Wednesday, June 18, 2014

Alternate Moriartys.

Catching up on my Baker Street Babes podcasts this morning, I was really struck by a discussion recorded at 221B Con called "From Baker Street to the Holodeck." The point which really caught my attention was a part of the discussion that involved Professor Moriarty's appearance on Star Trek: The Next Generation.

I'd kind of forgotten about Nex Gen Moriarty, who is actually one of the most interesting Moriartys that's come along in the last hundred and twenty years of Moriarty. The Professor is a pretty tricky bastard of a character to work with -- so little is given of him in "The Final Problem," and what we get there are things like: 

"A criminal strain ran in his blood, which, instead of being modified, was increased and rendered infinitely more dangerous by his extraordinary mental powers."

In other words, he's just evil. Evil, evil, evil, and very, very good at it. And once we're calling things "evil," all critical analysis seems to go out the window. Our brains like the easy binary route, on/off, black/white, good/evil . . . instead of actually thinking about things sometimes . . . and Moriarty plays to that inclination: Sherlock good, Moriarty evil. 'Nuff said.
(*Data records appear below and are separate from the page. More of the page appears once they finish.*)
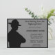 Convite de aposentadoria para um Patrolman de Rodovia com uma silhueta de um patrolman. O fundo é cinza e preto. O lado de trás tem um chapéu de patrulha e algemas de mão. Fácil de personalizar com os detalhes da sua festa.
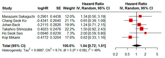 HRs for OS could be assessed in six studies. There was not a statistically significant difference (HR = 1.04, CI95% = 0.72–1.51) using a random effects model and moderate heterogeneity (I2 = 49%, Cochran’s Q test, p = 0.08) (Figure 2), while the result of the sensitivity analysis proved to be stable (Supplementary File S2). No evidence of publication bias was found when generating graphic funnel plots (Supplementary File S3). There also was no evidence of publication bias using the Eggers test (p = 0.6290).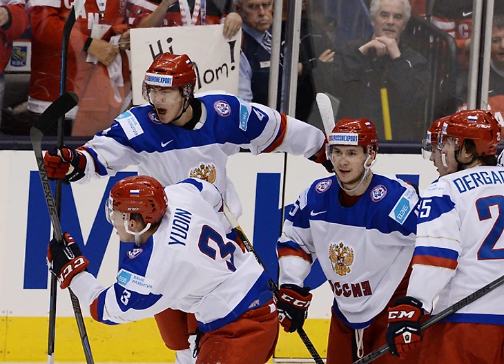 Шайба Дмитрия Юдина (под номером 3) вернула сборную России в финальную игру. Этот гол был первым набранным очком для защитника на МЧМ-2015.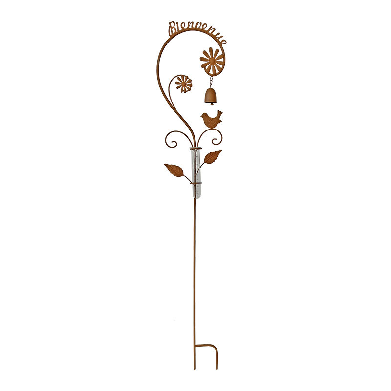 Somptueux pluviomètre orné de son joli oiseau, de son slogan "Bienvenue" et de son verre gradué qui vous permettra de contrôler la quantité de pluie.

Over the years, many a writer has tried to get behind the man behind the evil. John Gardner worked to make him a functional crime boss. Nicholas Meyer cast him as a harmless mathematics tutor with poor choices in dating. Michael Kurland kept him a criminal mastermind . . . but a criminal mastermind who fought evil. 
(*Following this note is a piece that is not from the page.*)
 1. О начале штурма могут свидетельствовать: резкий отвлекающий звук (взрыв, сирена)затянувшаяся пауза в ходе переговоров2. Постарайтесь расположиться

We've seen deliciously evil Moriarty, so-so criminal Moriarty, ex-girlfriend and mother Moriarty, oddly ethereal Moriarty, younger Moriarty, and Moriartys I can't even wrap my head around . . . which is kind of the problem.

We don't really know Moriarty. He comes from an outside, alien place many times, and we aren't meant to relate to him. Yet he's made up up the same basic components we are, and we should be able to find a place of empathy with him at some point. Some of the better versions of him have done pretty well with that, but most times? He's just a hard main character to write and make him true to what we know of him, yet someone we relate to.
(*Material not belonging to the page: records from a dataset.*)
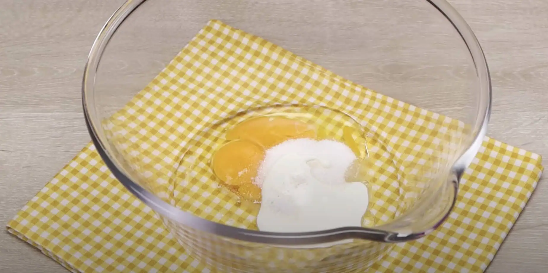 V miske zmiešame vajcia s cukrom, olejom a kyslou smotanou.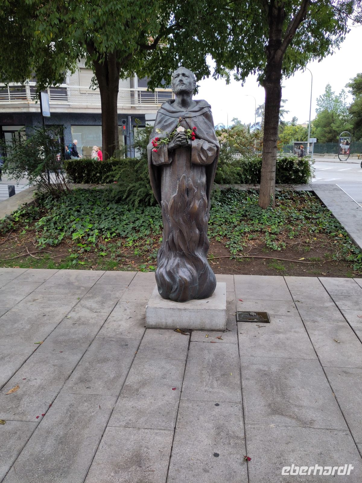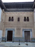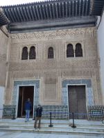 Wir verlassen die Alhambra durch das Justiztor und gehen durch den Alhambrawald, den wir durch das Granatapfeltor verlassen. Vorbei an der Plaza Nueva (die geschaffen wurde, weil man den Darro (< dat aurum > da oro 'gibt Gold') eintunnelte), zum Kolumbusdenkmal und durch den alten Seidenmarkt - die Seide war in al-Andalus das Monopol der Könige und ihre legale Möglichkeit, Geld zu erwirtschaften, da sie als Steuern außer der Kopfsteuer für Christen und Juden, nur die Zakat einnehmen durften und die Zakat ging nicht in den Staatshaushalt, sondern wurde an die Bedürftigen weiterverteilt.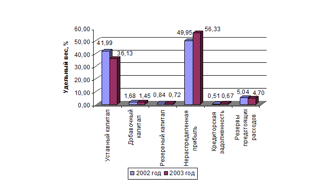 - снижение доли уставного капитала на 5,86%, добавочного капитала на 0,23% и резервного капитала на 0,12% объясняется увеличением доли нераспределенной прибыли, которая увеличилась на 6,38%;

In reconsidering all of the alternate Moriartys I've seen and read over the years, I'm starting to think we haven't found our defining Moriarty yet. Everybody has a favorite Holmes, the guy who is the Holmes to them, but a lot fewer folk are emphatic about Moriarty. Which is why I don't think we've had our ultimate Moriarty yet.

Will we ever? Is Moriarty someone, by his very nature, that we're never supposed to get behind, even if he's fun-crazy and funny and likes disco? Do we just need somebody to be the bad guy, that we have an excuse not to even try to relate to? Could be. The ancient animal wiring in us all is something we trip on all the time, rationalizing along the way.

Still, I would like to see a Moriarty that sets the bar for all other Moriartys to come one day, by giving us an understanding of the guy that we never had before. A Moriarty where we're just a little sad to see him inevitably go off that cliff in Switzerland, and maybe hope he survived.